Perez paid tribute to the 55-year-old former Liverpool boss as "an absolute professional and a wonderful person", before handing responsibility for reviving the club's fortunes to Zidane.
He said: "Zinedine Zidane is a man who knows better than anyone what it means to stand at the front and lead Real Madrid.
"It is a difficult squad to lead but he throughout his career and throughout his life also has always been able to face up to huge challenges.
"Zinedine Zidane, this is your club, this is your stadium and you have all our support.
"Zidane, you are from this moment the trainer, the manager of Real Madrid. The word 'impossible' does not exist for you, Zinedine Zidane."
Thousands of Real fans turned out to cheer Zidane as he started his first day as coach of the Spanish giants yesterday.
While commentators expressed doubts about the Frenchman's experience, 5,000 fans packed the Alfredo di Stefano stadium at Real's training ground to see Zidane take his first session with Cristiano Ronaldo, Gareth Bale and other superstars.
"Zizou! Zizou!" the fans chanted as the World Cup winner walked out onto the pitch with his players wearing a grey tracksuit and fluorescent boots.
Zidane gathered the players around him and then kicked a ball to start a training exercise, drawing shouts from the crowds.
All eyes will now be on whether Zidane has the temperament and tactical ability to gel Real's Galacticos into a trophy-winning unit.
Key players such as Karim Benzema and James Rodriguez often showed their disgust when substituted by Benitez.
Off-field distractions also took their toll, with Benzema facing blackmail charges over a sex-tape of France teammate Mathieu Valbuena, and Rodriguez accused of speeding at up to 200kph last week.
Spanish media said he has his work cut out because of his lack of experience.
"The Frenchman is a football legend and a great figure of Madrid," wrote Marca, Spain's most read sports daily.
"But his coaching experience is inversely proportional to his excellent footballer's experience - limited... and controversial." - Wire Services.
To win everything. that’s our goal.

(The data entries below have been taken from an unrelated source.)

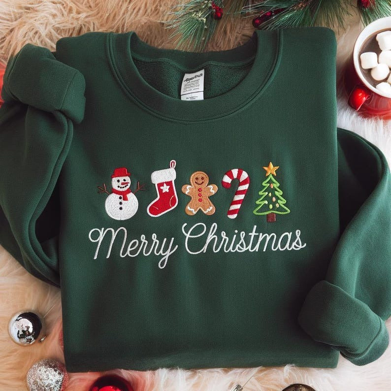Merry Christmas Embroidered Sweatshirt, Embroidered Gingerbread Sweatshirt, Snowman Xmas Tree Shirt, Christmas Sweater, Christmas Vibe Shirt
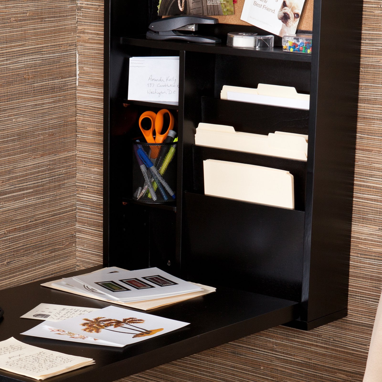 - Desk flips out from an attractive wall box
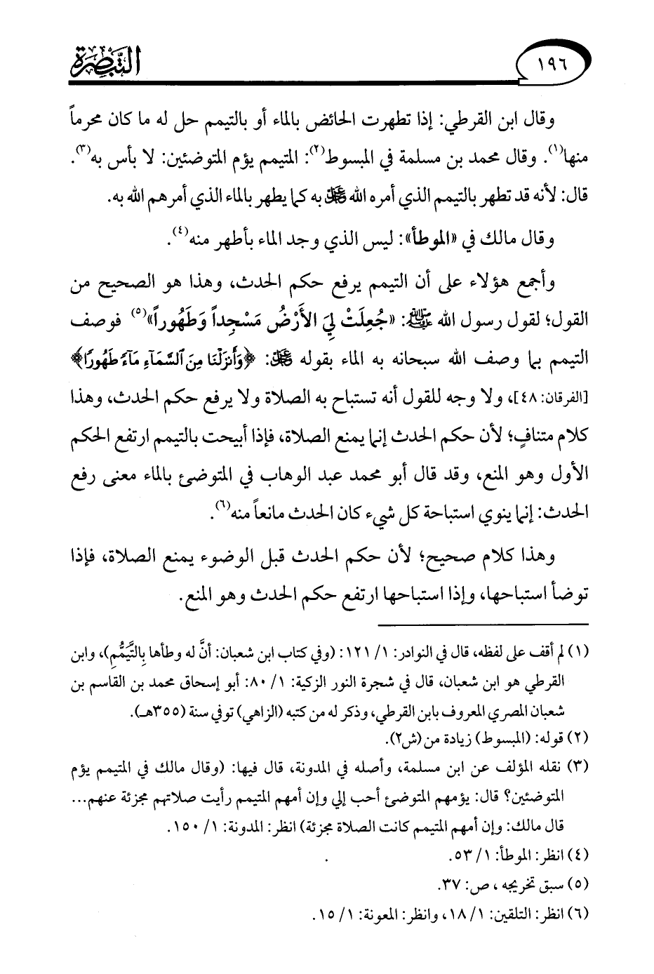 (¬1) لم أقف على لفظه، قال في النوادر: 1/ 121: (وفي كتاب ابن شعبان: أنَّ له وطأها بِالتَّيَمُّمِ)، وابن القرطي هو ابن شعبان، قال في شجرة النور الزكية: 1/ 80: أبو إسحاق محمد بن القاسم بن شعبان المصري المعروف بابن القرطي، وذكر له من كتبه (الزاهي) توفي سنة (355 هـ).
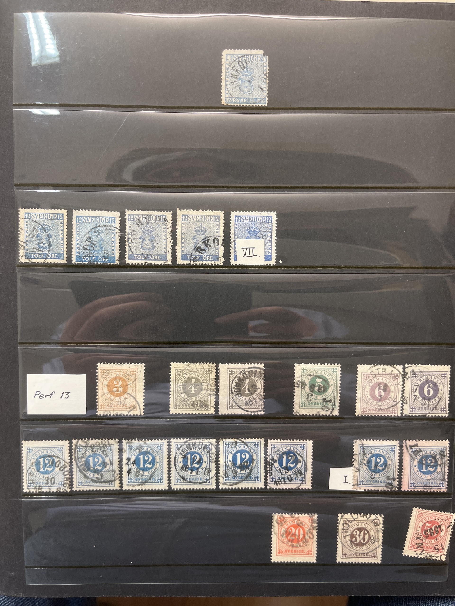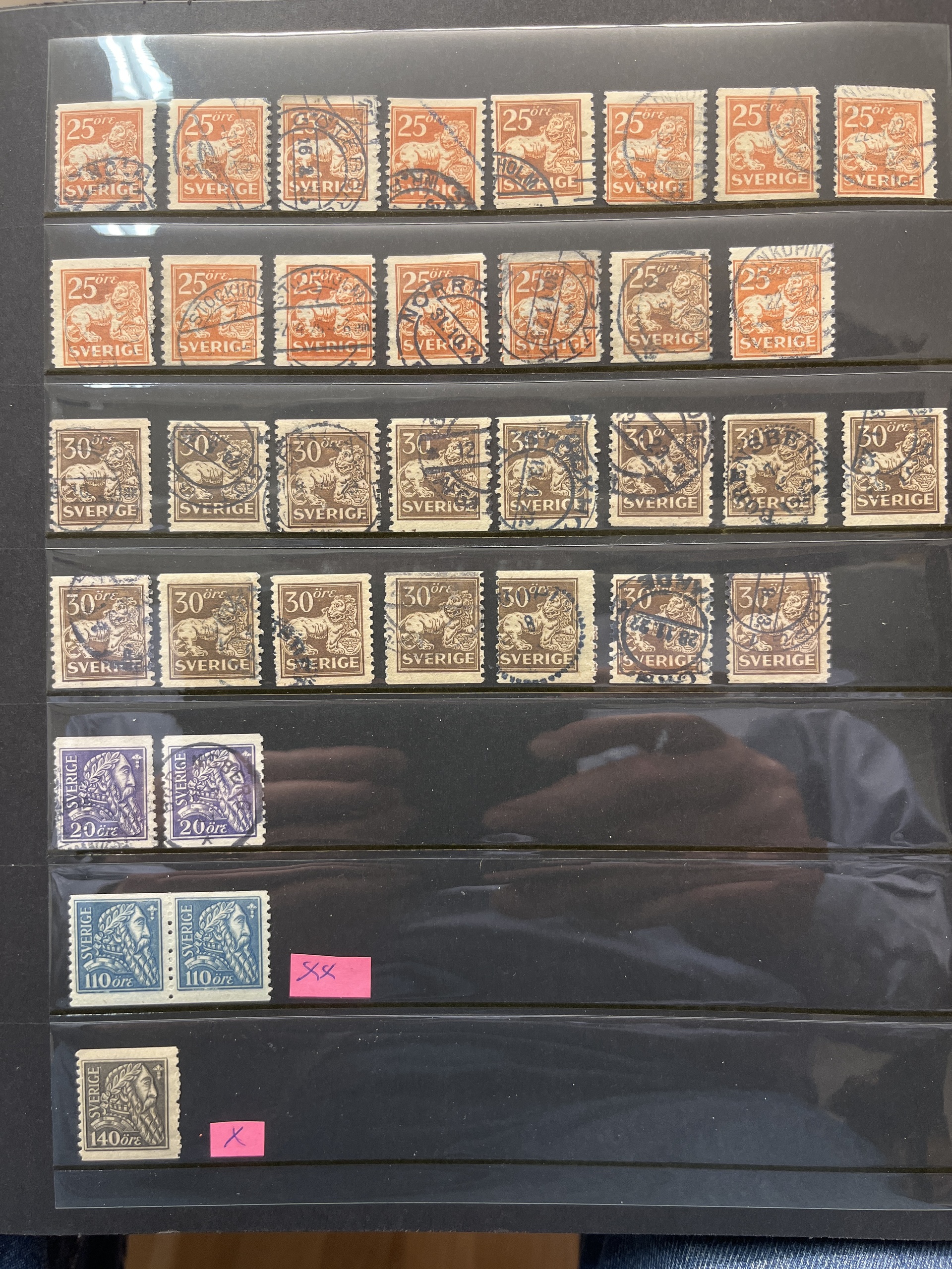 Sweden. Collection/accumulation ★★/★/⊙ 1858–1960s in visir album. Good 1920s–30s. In the beginning mixed quality, later fine.
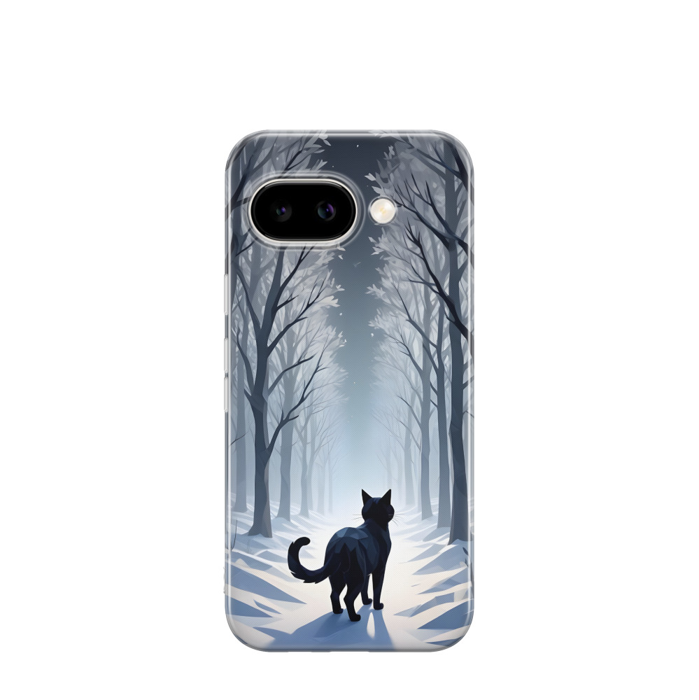 Google Pixel 9a Gummi Hülle Katze im Winterwald - Schwarz
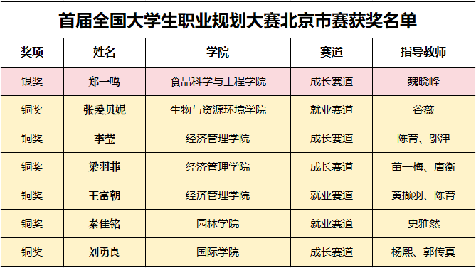 近日,北京市教育委员会公布首届全国大学生职业规划大赛北京市赛评比结果。经过激烈角逐,beat365共有7名同学获奖,其中银奖1项,铜奖6项。

We have two trophies we can win and we’re going to go for it.
— Zidane, on his targets
Five things about Zizou
World Cup winner Zinedine Zidane has taken over as coach at Real Madrid following the sacking of Rafael Benitez.

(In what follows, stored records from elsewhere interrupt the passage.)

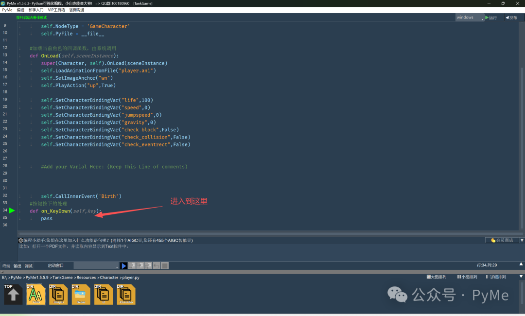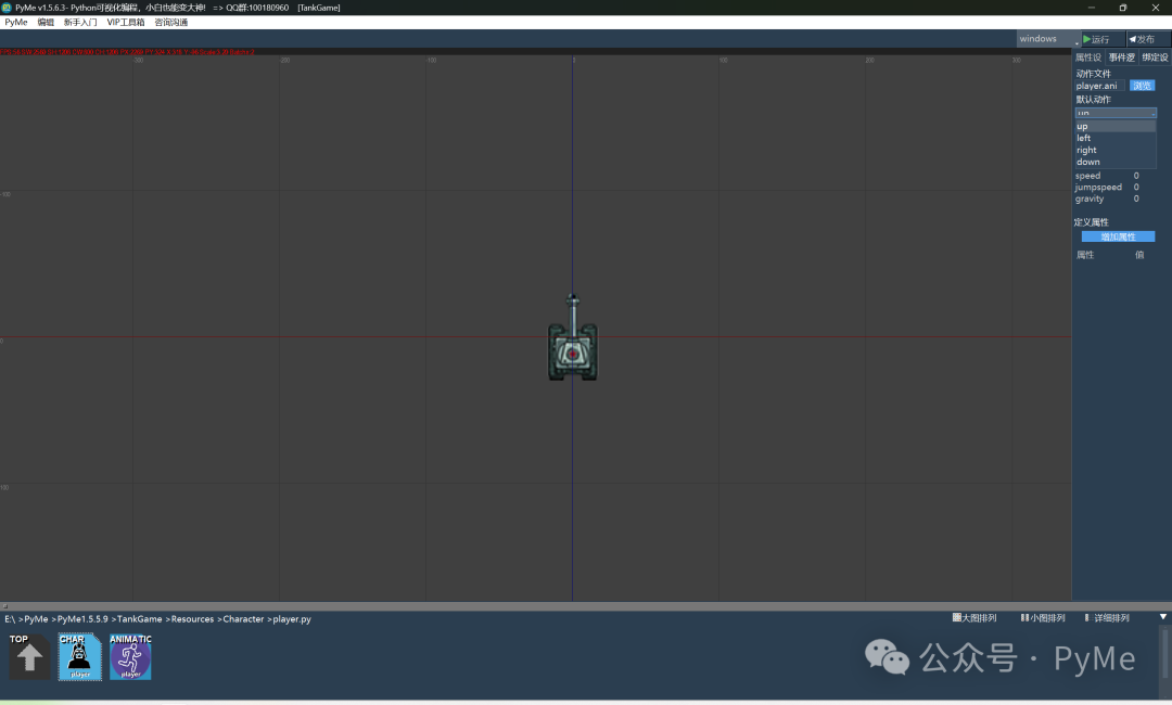 介绍完这些功能,是不是感觉PyMe还是很强大的!下面我们来处理一下坦克的移动,首先我们双击Load事件进入加载完成函数,在其中增加运动方向和运动状态变量,并在按键处理的代码中加入设置方向和状态。编写完后通过鼠标右键菜单,返回角色设计视图,在右边是响应面板的Update事件的对应函数栏双击,并在on_Update(self,delay)函数中处理更新,这里delay为浮点的秒数。
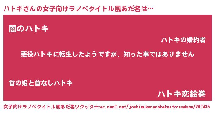 | 胡散臭い通販商品みたいなあだ名 | 『あなたにだけ特別に提供する世界で10本だけ現存している希少なブランデー…その名も「ハトキ」』 |
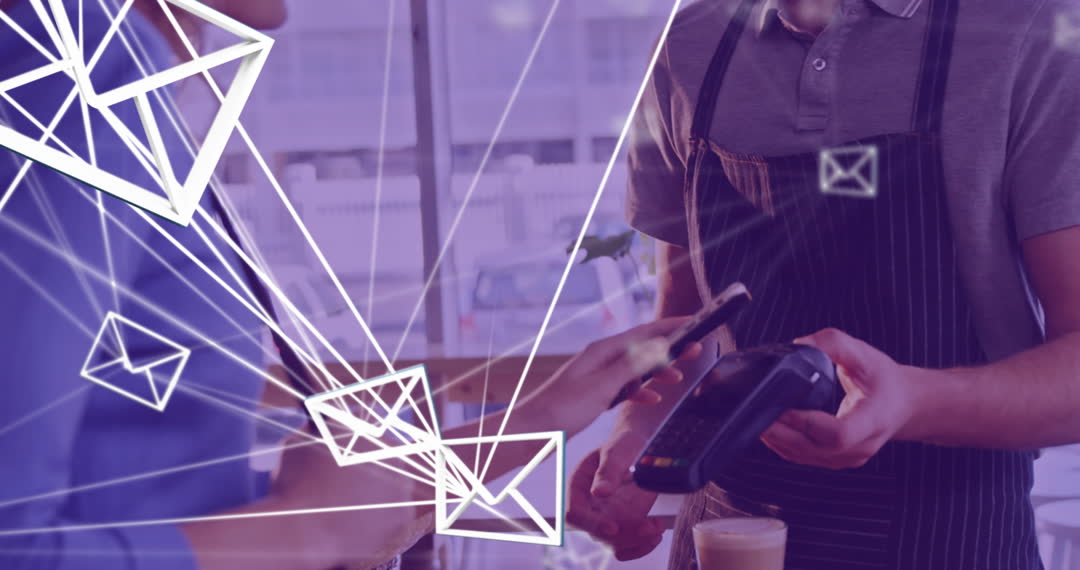 Visual depicting contactless payment using a smartphone at a cafe. Envelopes illustrate digital communication in financial transactions, symbolizing the use of technology in payment methods. Efficient approach in illustrating modern commerce themes in presentations, economic articles, technology advancements, and financial app commercials.
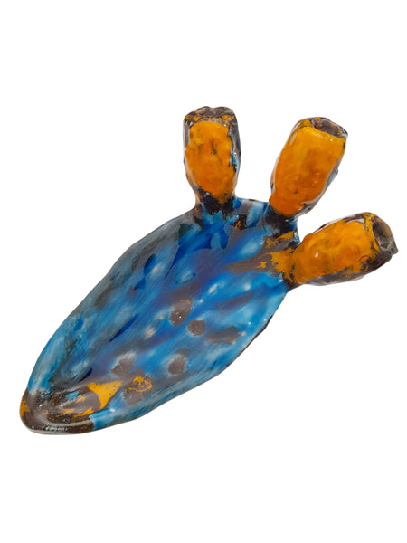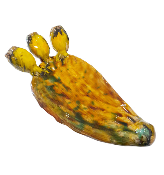 Pala di Fico d'India in ceramica, interamente realizzata e smaltata a mano con l'applicazione di 3 frutti sul bordo. La modellazione a mano la rende un pezzo unico così come il suo colore dato da una particolare tecnica di smaltatura che prevede più cotture ad alte temperature.
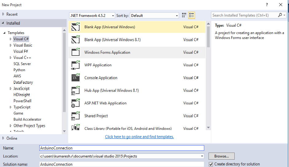 Step 2: From the New Project window select Visual C# from Installed, Templates, then select Windows Form Application.
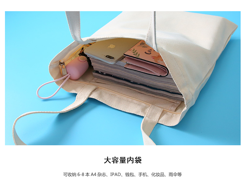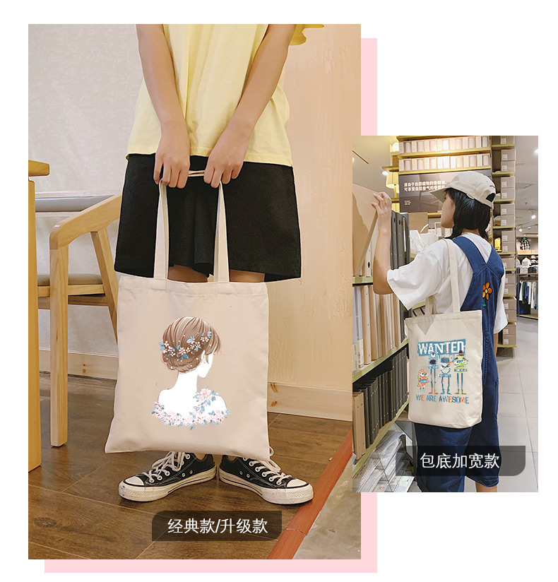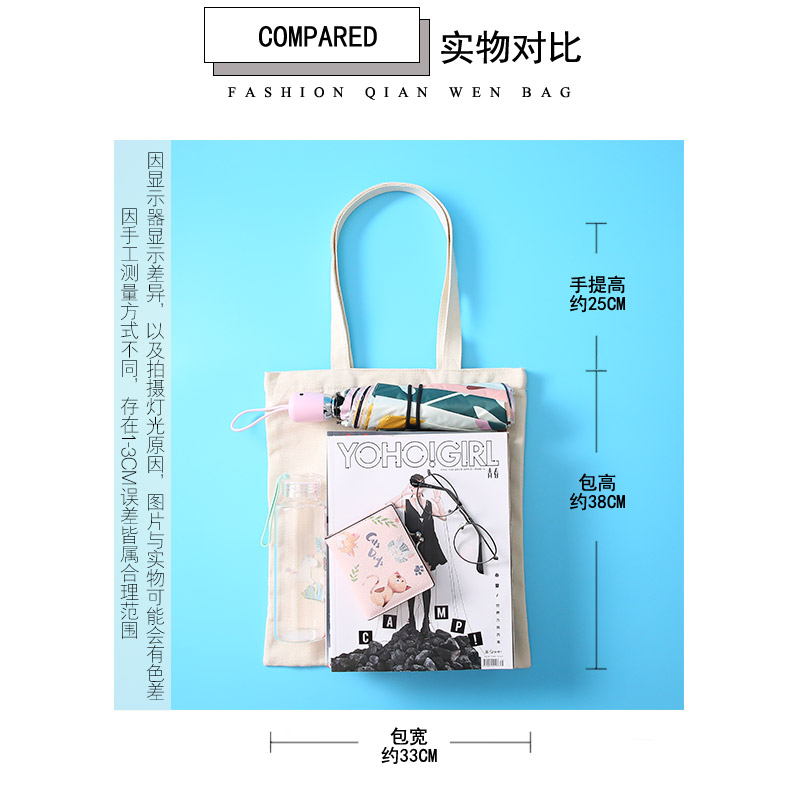 优质耐磨帆布,文艺小清新手提购物袋,背起来舒服有质感,超大容量,随心装,上课出街一个就够了,简单搭配也能轻松获取文艺感。【赠运费险】

Zidane, who also played for the club, has won the European Championship with France as well.
PA Sport looks at five things you may not have known about the 43-year-old former midfielder.
1 NORTH AFRICAN HERITAGE
Zinedine Zidane was born in La Castellane, Marseille, in southern France. His parents emigrated to Paris from northern Algeria in 1953 before the start of the Algerian War.

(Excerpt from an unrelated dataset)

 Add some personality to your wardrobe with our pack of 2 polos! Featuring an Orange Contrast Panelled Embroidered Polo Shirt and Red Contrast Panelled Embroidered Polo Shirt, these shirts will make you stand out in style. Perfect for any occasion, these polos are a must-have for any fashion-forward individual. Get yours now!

Zidane grew up hoping to emulate the feats of famous Marseille players Enzo Francescoli and Jean-Pierre Papin.
2 CANNES DO FOR ZIZOU
Zidane began his professional career at Cannes in 1989 and, in his first full season, the club finished fourth and qualified for the Uefa Cup. He also played for Bordeaux before moving to Italy with Juventus, where he won successive Serie A titles.
3 BERNABEU BOUND
In 2001, Real Madrid paid a then world record of 75 million euros ($116m) to take Zidane to Spain, where he won the La Liga and Champions League titles as part of the club's famed Galacticos - the world stars who included the likes of Luis Figo, Ronaldo and David Beckham during his five years at the club.
4 WORLD STAR
Zidane won both the World Cup and European Championship with France. He won the 1998 World Cup, scoring two goals in the 3-0 win over favourites Brazil in the final on home soil. Two years later, Zidane helped France to win the European Championship title.
5 DISCIPLINARY PROBLEMS
The moment for which Zidane is most infamously known is in the 2006 World Cup final against Italy. During extra time, Zidane head-butted Italy's Marco Materazzi in the chest. What is not so well known is that Zidane had form, having been sent off for head-butting Hamburg's Jochen Kientz in a Champions League tie in 2000 while playing for Juventus.